§ COLLECTED DATA

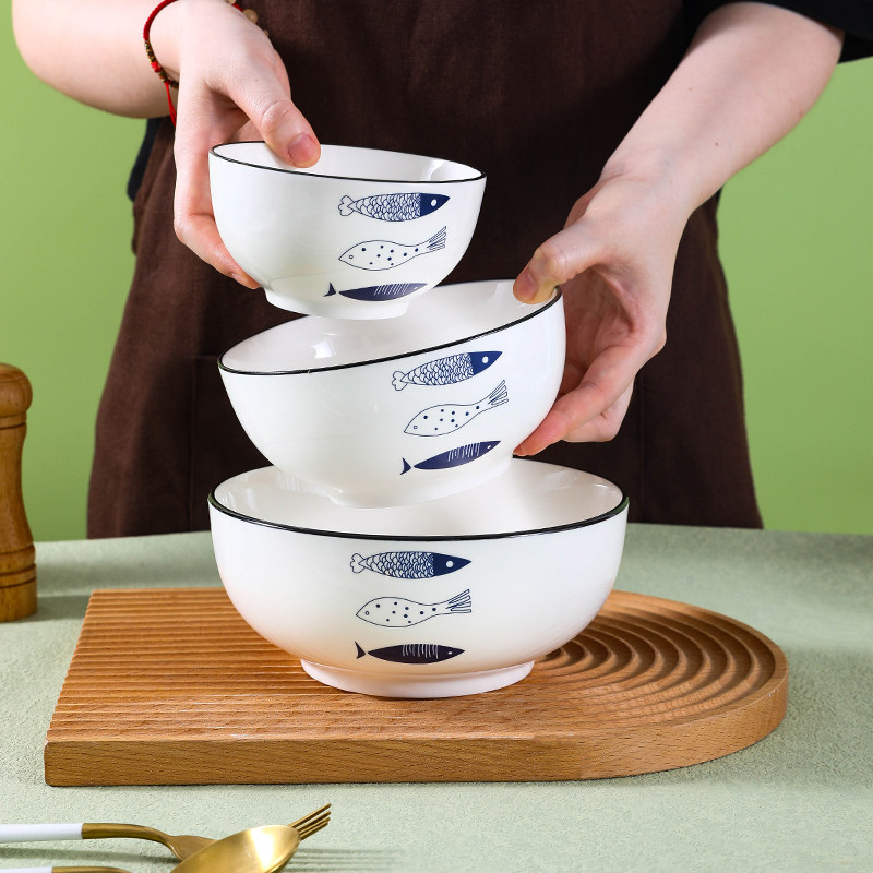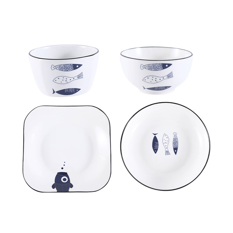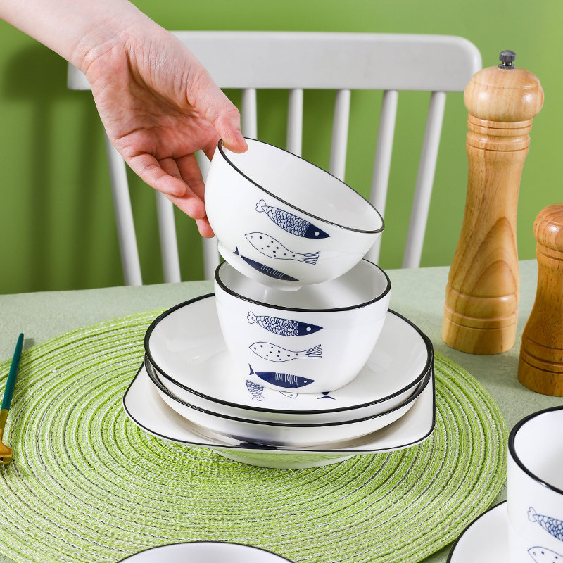 📚 年年有鱼创意陶瓷餐具家用碗盘碟组合卡通吃饭碗小清新面碗菜盘子
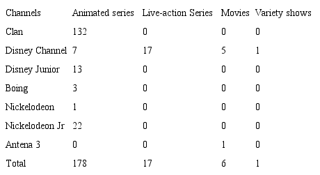 Clan TV is a children’s channel owned by the public television corporation RTVE. 50% of its programming is designed for children 3 to 6 years old, while the other 50% targets children over 7 years of age. It broadcasts 24 hours a day, seven days a week. Its schedule includes more than 30 different productions, of which 63.33% are animated series and 20% are live-action series (Melgarejo and Rodríguez, 2011).
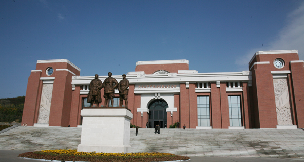 離照金村越來越近,一排排為村民們新建的紅色樓房盡收眼底,周圍環(huán)境優(yōu)美,空氣清新,仿佛置身度假山莊。汽車一轉(zhuǎn)彎,我們到達了照金紅色革命根據(jù)地展覽館。放眼望去,對面的山坡上高高的矗立著白色的人民英雄紀(jì)念碑,頂部正中鑲嵌著大大的一顆紅五星,寬闊的廣場上有許多身穿藍色的紅軍軍裝,頭戴紅五星軍帽的紅軍戰(zhàn)士正在敲鑼打鼓變換隊型,一問才知道原來是照金村民正在舉辦首屆運動會開幕式。
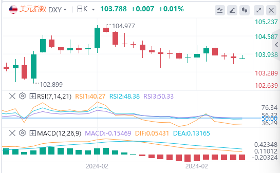 美元指数一度触及103.58(接近103.50-104.50区间的下端),目前已经有所上升。总体而言,近期区间103.50-104.50可能会继续保持。

§ THE TASK
Leave out the pictures, and retype exactly the lines from the one containing "離照金村越來越近,一排排為村" through the final line of the data.

§ RESPONSE TO THIS EXERCISE
 離照金村越來越近,一排排為村民們新建的紅色樓房盡收眼底,周圍環(huán)境優(yōu)美,空氣清新,仿佛置身度假山莊。汽車一轉(zhuǎn)彎,我們到達了照金紅色革命根據(jù)地展覽館。放眼望去,對面的山坡上高高的矗立著白色的人民英雄紀(jì)念碑,頂部正中鑲嵌著大大的一顆紅五星,寬闊的廣場上有許多身穿藍色的紅軍軍裝,頭戴紅五星軍帽的紅軍戰(zhàn)士正在敲鑼打鼓變換隊型,一問才知道原來是照金村民正在舉辦首屆運動會開幕式。
 美元指数一度触及103.58(接近103.50-104.50区间的下端),目前已经有所上升。总体而言,近期区间103.50-104.50可能会继续保持。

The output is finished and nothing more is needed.